To do these we need accurate total time - based on sum of times between enable_profile()
and disable_profile().

Add resolution of __ANON__ sub names (eg imported 'constants') where possible.

Trim leading @INC portion from filename in __ANON__[/very/long/path/...]
in report output. (Keep full path in link/tooltip/title as it may be ambiguous when shortened).

Explain what's shown in html reports, ie say it's elapsed realtime.

Currently the line of only last BEGIN (or 'use') in the file are recorded.
Rename Foo::BEGIN subs to Foo::BEGIN[file:line]
(which matches the style used for Foo::__AUTO__[file:line])
Probably need to record or output the line range when the BEGIN 'sub' is entered.

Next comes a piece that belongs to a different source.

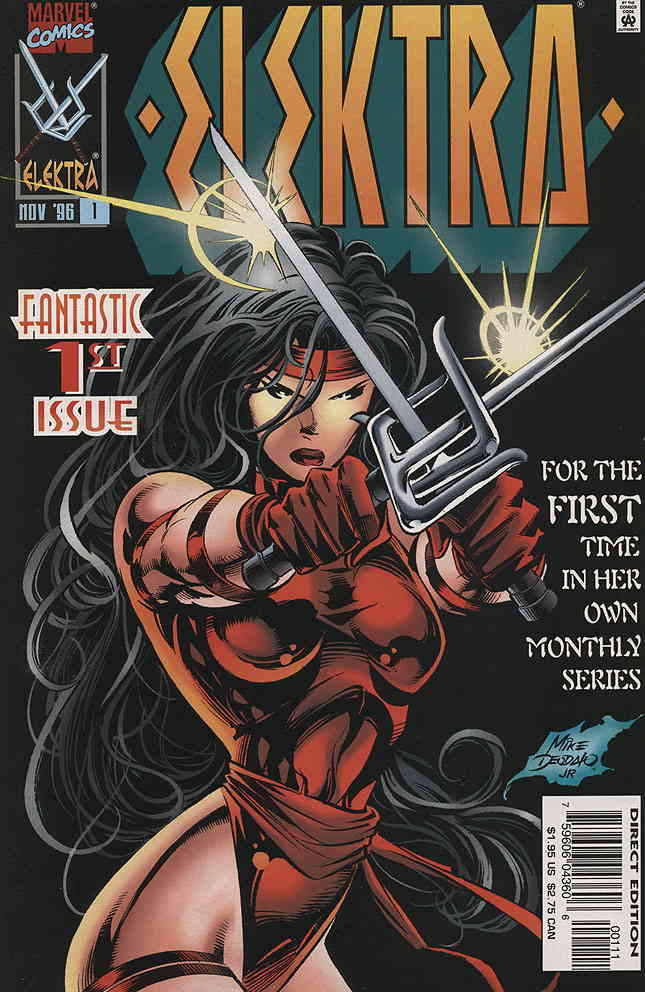 Item: Elektra (2nd Series) #1 | Publisher: Marvel | Cover Date: November 1996 | Writer: Peter Milligan | Artist: Mike Deodato Jr. | Cover Artist: Mike Deodato Jr. | Appearances: Bullseye, Wolverine, Elektra | Storylines: Afraid of the Dark | With Economy shipping, each additional comic ships for just 50 cents more to customers in the USA. This listing contains a stock photo and information from ComicBase™ and © Human Computing. The stock photo is for reference only. If you would like to see a photo of the actual item, please message us prior to purchasing.Seller Information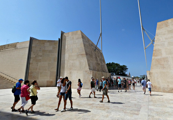 The fourth and last City Gate, designed by architect Alziro Bergonzo and built in the Italian Rationalist style, was commenced in 1964 and completed a year later. The gate which was highly criticised was meant to be part of a regeneration of the space within the gate and the rebuilding of the Royal Opera House, but which never materialised. Instead, a large square was formed to the right, surrounded by a high arcade of a similar style and including numerous shops. In 1998, architect Renzo Piano submitted plans for a new entrance into Valletta but did not materialise. The project was revised in 2008, new plans were submitted and the gate was demolished in 2011. In reality, the new gate is just 8 meters wide, a breach, which is supposed to compress movement during the crossing.

Record $AUTOLOAD when AUTOLOAD() called
Perhaps as ...::AUTOLOAD[$AUTOLOAD]

Refactor this HACKING file!

Add file format backwards compatibility tests.

Add tests for evals in regex: s/.../ ...perl code... /e

Add tests for -block and -sub csv reports.

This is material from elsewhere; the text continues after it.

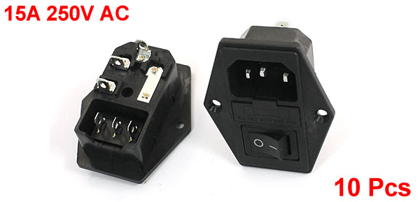 Product Name Power Socket Plug Type IEC320 C14 Voltage & Current 15A 250V AC Button Color Black Rocker Switch Type 3Pin SPDT Fit Fuse Size 5 x 20mm/ 0.2" x 0.79" (L*W) Total Socket Size 5.8 x 4.8 x 3.3cm/2.3" x 1.9" x 1.3"(L*W*T) Mount Size 4.8 x 2.7cm/1.9" x 1"(L*W) Material (External) Plastic, Metal Main Color Silver Tone, Black Weight 250g Package Content 10 x Power Socket w Fuse Holder w Rocker Switch

Add tests with various kinds of blocks (if, do, etc) and loops.

Set options via import so perl -d:NYTProf=... works. Very handy. May need
alternative option syntax. Also perl gives special meaning to 't' option
(threads) so we should reserve the same for eventual thread support.
Problem with this is that the import() call happens late so
limits the usefulness.

Add help option which would print a summary of the options and exit.
Could also print list of available clocks for the clock=N option
(using a set of #ifdef's)

Add mechanism to specify options inside the .p file, such as

  # NYTPROF=...

Add mechanism to specify inside the .p file that NYTProf
should not be loaded via the command line. That's needed to test
behaviors in environments where perl is init'd first. Such as mod_perl.
Then we can test things like not having the sub line range for some subs.

Add top-n statements to file reports between sub table and line table.

Pure css tooltips, with a :before or :after with content:, may let us add help notes to the
counts column to describe what the count is actually a count of, without
bloating the html.

  http://meyerweb.com/eric/css/edge/popups/demo.html
  http://www.communitymx.com/content/article.cfm?page=4&cid=4E2C0
  http://www.kollermedia.at/archive/2008/03/24/easy-css-tooltip/

The tricky/clever/new idea is that by nesting a span inside another and using
the :before or :after on the inner one the text of the popup can reside in css
and not html. Mind you, I've not seen anyone do this so I may be crazy :)

The data file includes the information mapping a line-level line to the
corresponding block-level and sub-level lines. This should be added to the data
structure. It would enable a much richer visualization of which lines have
contributed to the 'rolled up' counts. That's especially tricky to work out
with the block level view.

Following on from that I have a totally crazy idea that the browsers css engine
could be used to highlight the corresponding rollup line when hovering over a
source line, and/or the opposite. Needs lots of thought, but it's an interesting idea.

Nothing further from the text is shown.